In some embodiments, the protection process comprises: at least one of a tape sticking protection and a dispensing protection.

In some embodiments, prior to said separating the plurality of pole groups of the shorted cell, the method further comprises: and carrying out short circuit test on the battery entering the shell, and taking the battery entering the shell which does not meet the test conditions as the short circuit battery.

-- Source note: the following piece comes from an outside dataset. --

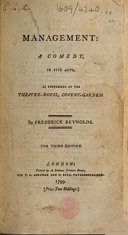 Management is a 1799 comedy play by the British writer Frederick Reynolds. It premiered at the Theatre Royal, Covent Garden in London on 31 October 1799.[1] The original cast included William Thomas Lewis as Captain Lavish, John Fawcett as Mist, Joseph Shepherd Munden as Worry, Alexander Pope as Sir Hervey Sutherland, Charles Farley as Alltrade, Charles Klanert as Frank, Samuel Simmons as Stopgap, George Davenport as Geoffrey, Mary Ann Davenport as Mrs Dazzle and Maria Ann Pope as Juliana. The Dublin premiere was at the Crow Street Theatre on 13 February 1800.[2]
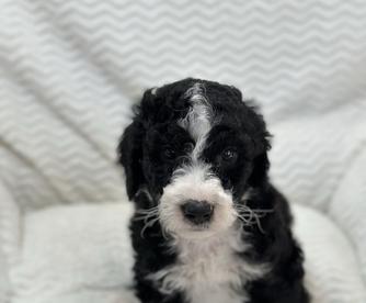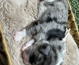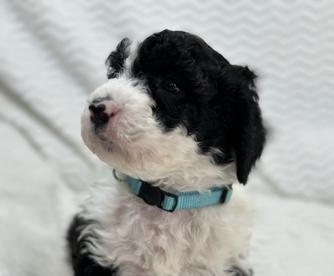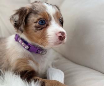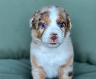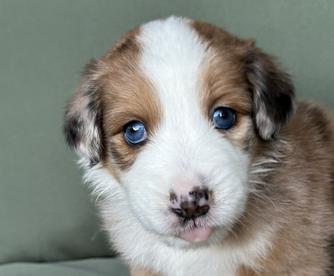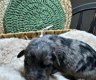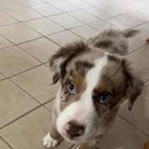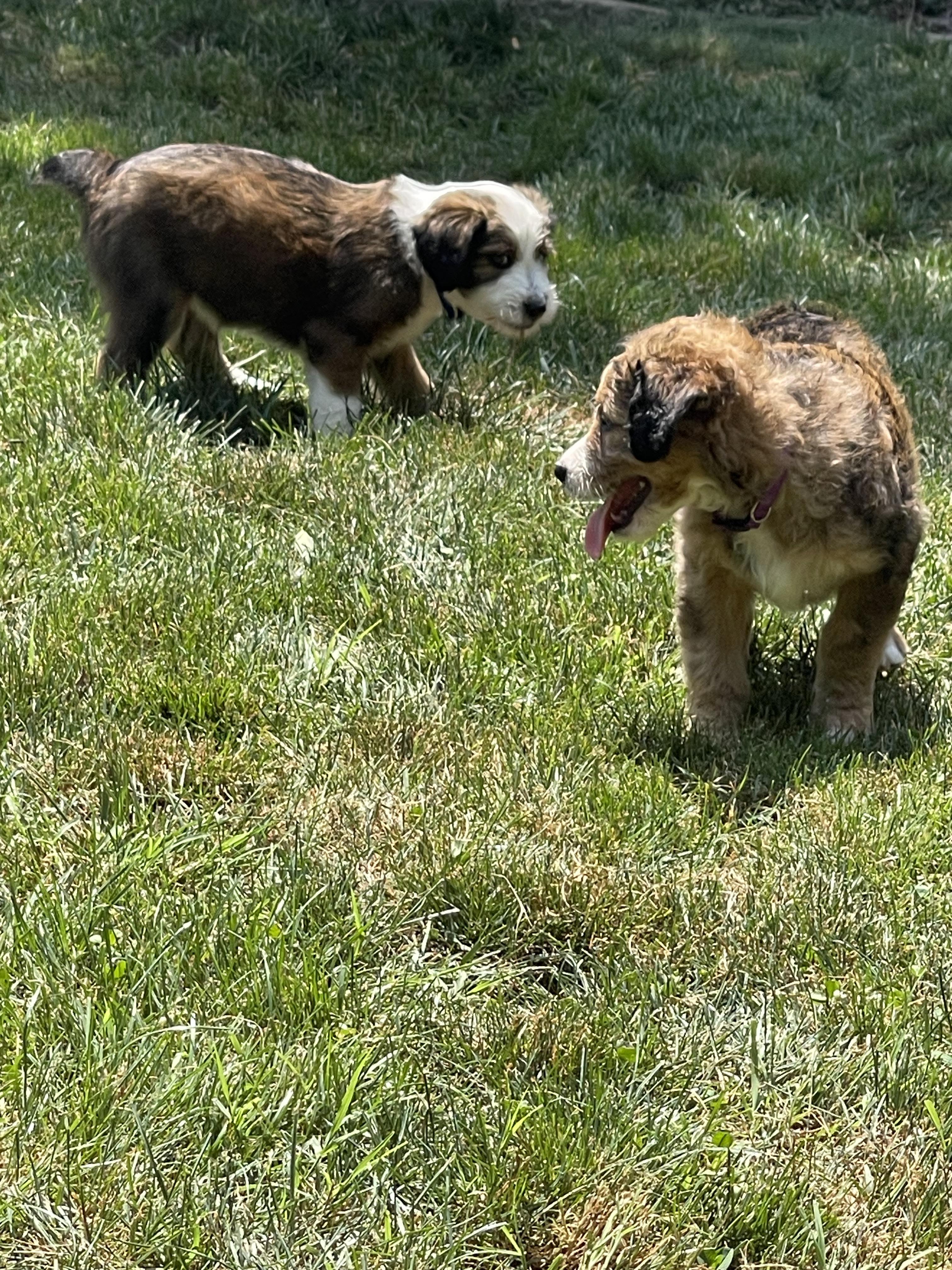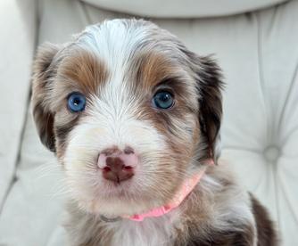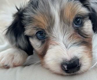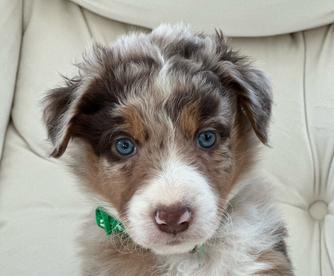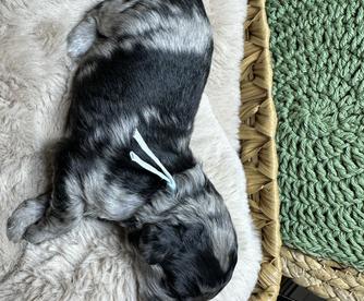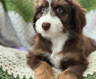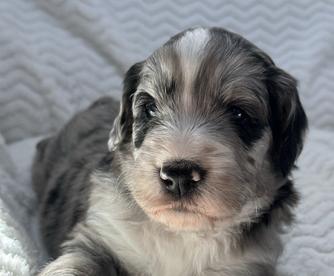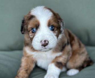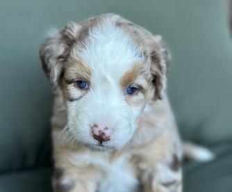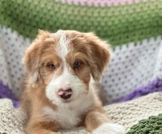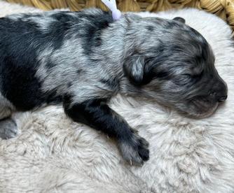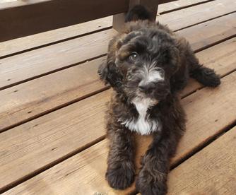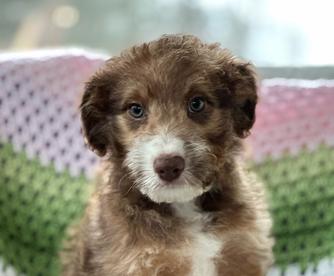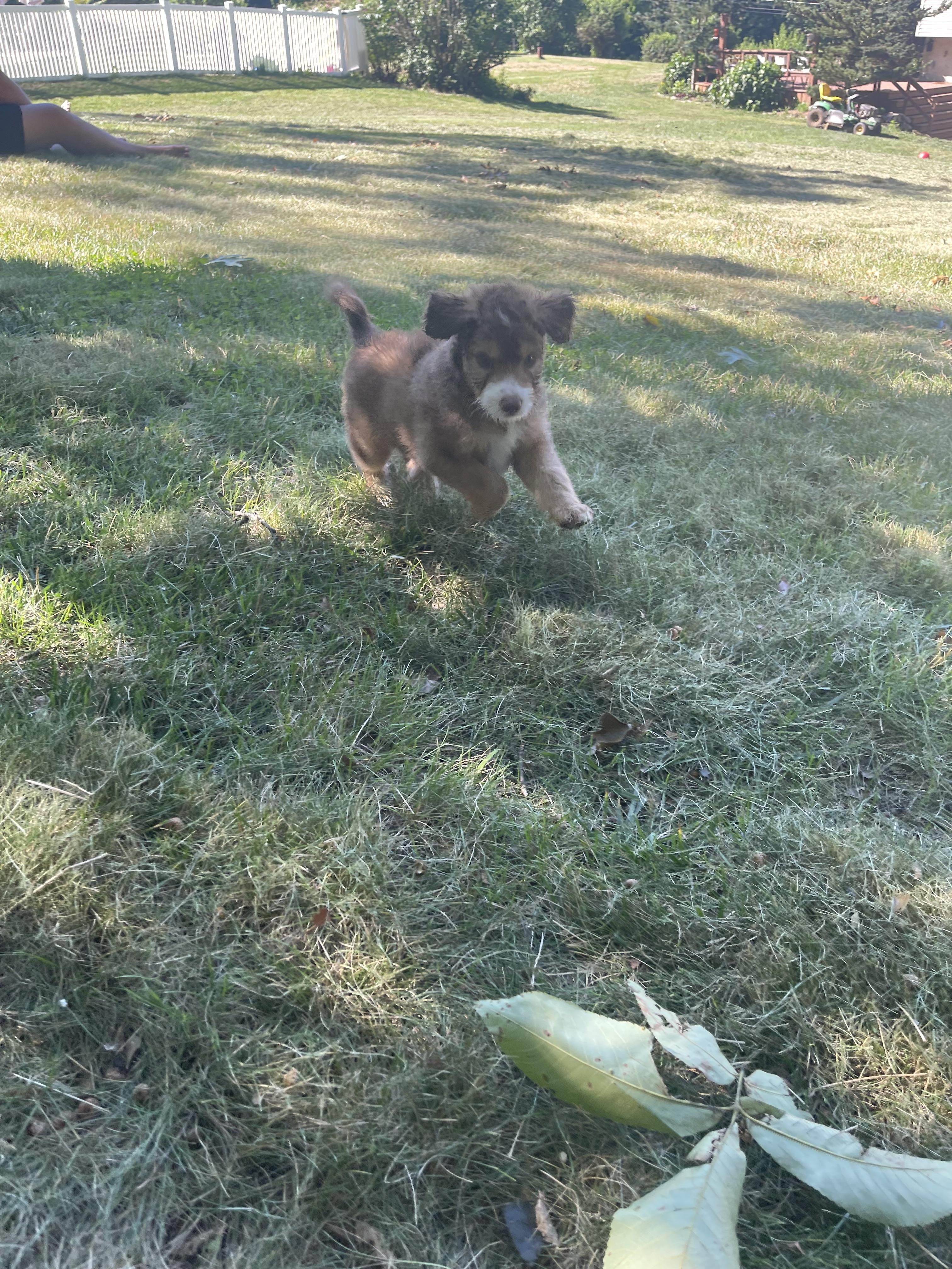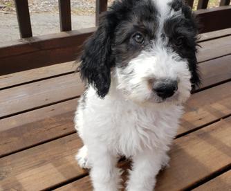 Our Aussiedoodle puppies include brown and white, blue merle, and black and white. Colors will vary depending on the parent dogs.

Other functions of the present application will be partially set forth in the following description. The contents of the following figures and examples will be apparent to those of ordinary skill in the art in view of this description. The inventive aspects of this application can be fully explained by the practice or use of the methods, apparatus and combinations described in the detailed examples below.

Drawings

In order to more clearly illustrate the technical solutions in the embodiments of the present disclosure, the drawings needed to be used in the description of the embodiments will be briefly introduced below, and it is obvious that the drawings in the following description are only some embodiments of the present disclosure, and it is obvious for those skilled in the art to obtain other drawings based on these drawings without creative efforts.

Fig. 1A illustrates a front view of a pole group of a short-circuited battery connected to a first battery cover plate according to an embodiment of the present disclosure;

FIG. 1B shows a left side view of FIG. 1A;

fig. 2 is a flowchart illustrating a method for processing a short-circuited battery according to an embodiment of the present disclosure;

fig. 3A is a schematic diagram illustrating a cut-out of a short-circuited battery provided in an embodiment of the present disclosure;

FIG. 3B illustrates a schematic diagram of a separated pole group provided in accordance with an embodiment of the present disclosure;

FIG. 4 shows a schematic view of connecting a first sub-bond pad to a second bond pad of a pole group that satisfies a test condition; and

fig. 5 is a schematic diagram illustrating a pole group meeting test conditions and connected to a first battery cover plate according to an embodiment of the present disclosure.

Detailed Description

The following description is presented to enable any person skilled in the art to make and use the present description, and is provided in the context of a particular application and its requirements. Various modifications to the disclosed embodiments will be readily apparent to those skilled in the art, and the general principles defined herein may be applied to other embodiments and applications without departing from the spirit and scope of the present description. Thus, the present description is not limited to the embodiments shown, but is to be accorded the widest scope consistent with the claims.

The terminology used herein is for the purpose of describing particular example embodiments only and is not intended to be limiting. For example, as used herein, the singular forms "a", "an" and "the" may include the plural forms as well, unless the context clearly indicates otherwise. The terms "comprises," "comprising," "includes," and/or "including," when used in this specification, are intended to specify the presence of stated integers, steps, operations, elements, and/or components, but do not preclude the presence or addition of one or more other features, integers, steps, operations, elements, components, and/or groups thereof. The term "A on B" as used in this specification means that A is either directly adjacent (above or below) B or indirectly adjacent (i.e., separated by some material) to B; the term "A within B" means that A is either entirely within B or partially within B.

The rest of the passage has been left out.